> TASK DESCRIPTION: A verbatim copy of the listing is what is needed, minus any pictures.

> DATA:
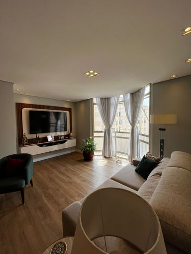 A suíte principal destaca-se pelo acabamento sofisticado, oferecendo um ambiente aconchegante e bem-estar. A sala de estar é ampla, integrada e iluminada, criando um espaço perfeito para convívio familiar e momentos de lazer. A área de serviço e os banheiros possuem acessórios e revestimentos de alta qualidade, complementando o padrão de excelência do imóvel.
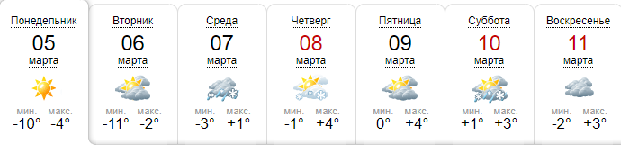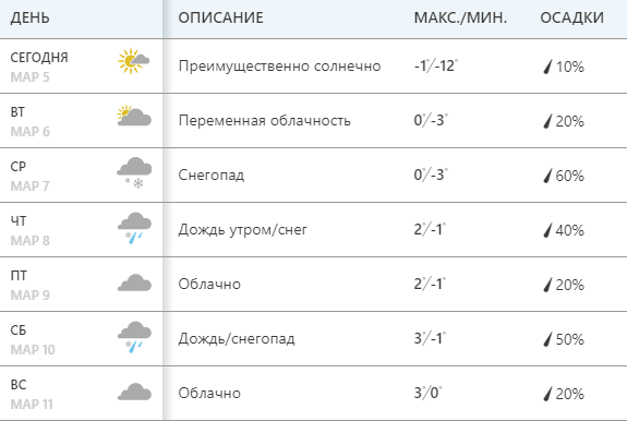 Сайт Gismeteо также прогнозирует прогнозирует небольшой минус в начале недели и потепление с 7 марта до +1...+4. Осадки ожидаются во все дни, кроме понедельника и воскресенья.
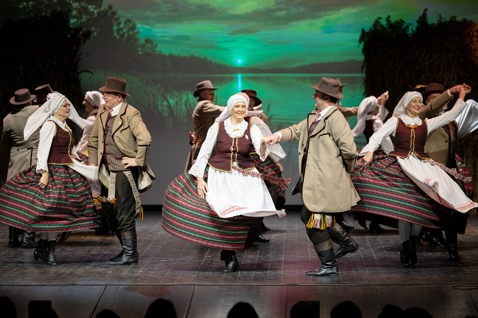 Šokiais ir dainomis sukaktuvininkus sveikino Palangos kultūros centro vyresniųjų liaudiškų šokių grupė „Banguolis“ (vad. Eglė Baltriukienė), Šiaulių kultūros centro liaudiškų šokių grupė „Vajaunas“ (meno vad. Romualdas Laugalis), Baloži kultūros centro vyresniųjų liaudiškų šokių grupė „Baloži“ (vad. Mārtiņš Ezeriņš), Širvintų kultūros centro vyresniųjų liaudiškų šokių grupė „Viesula“ (vad. Loreta Putvinskaitė-Vičienė), Visagino kultūros centro vyresniųjų liaudiškų šokių grupė „Gervė“ (vad. Ugnius Cikanas), Vilniaus miesto liaudiškos muzikos ir šokių ansamblis „Vilnis“ (meno vad. Rimutė Zaleckaitė), Šiaulių miesto Jovaro progimnazijos ir Didždvario gimnazijos vaikų ir jaunimo tautinių šokių ansamblis „Šėltinis“ (meno vad. Violeta ir Romualdas Laugaliai, Greta Petrauskė, Germanas Urbonavičius) – būtent šiame kolektyve glūdi „Šėvulio“ ištakos.

> ANSWER TO THIS TASK:
 A suíte principal destaca-se pelo acabamento sofisticado, oferecendo um ambiente aconchegante e bem-estar. A sala de estar é ampla, integrada e iluminada, criando um espaço perfeito para convívio familiar e momentos de lazer. A área de serviço e os banheiros possuem acessórios e revestimentos de alta qualidade, complementando o padrão de excelência do imóvel.
 Сайт Gismeteо также прогнозирует прогнозирует небольшой минус в начале недели и потепление с 7 марта до +1...+4. Осадки ожидаются во все дни, кроме понедельника и воскресенья.
 Šokiais ir dainomis sukaktuvininkus sveikino Palangos kultūros centro vyresniųjų liaudiškų šokių grupė „Banguolis“ (vad. Eglė Baltriukienė), Šiaulių kultūros centro liaudiškų šokių grupė „Vajaunas“ (meno vad. Romualdas Laugalis), Baloži kultūros centro vyresniųjų liaudiškų šokių grupė „Baloži“ (vad. Mārtiņš Ezeriņš), Širvintų kultūros centro vyresniųjų liaudiškų šokių grupė „Viesula“ (vad. Loreta Putvinskaitė-Vičienė), Visagino kultūros centro vyresniųjų liaudiškų šokių grupė „Gervė“ (vad. Ugnius Cikanas), Vilniaus miesto liaudiškos muzikos ir šokių ansamblis „Vilnis“ (meno vad. Rimutė Zaleckaitė), Šiaulių miesto Jovaro progimnazijos ir Didždvario gimnazijos vaikų ir jaunimo tautinių šokių ansamblis „Šėltinis“ (meno vad. Violeta ir Romualdas Laugaliai, Greta Petrauskė, Germanas Urbonavičius) – būtent šiame kolektyve glūdi „Šėvulio“ ištakos.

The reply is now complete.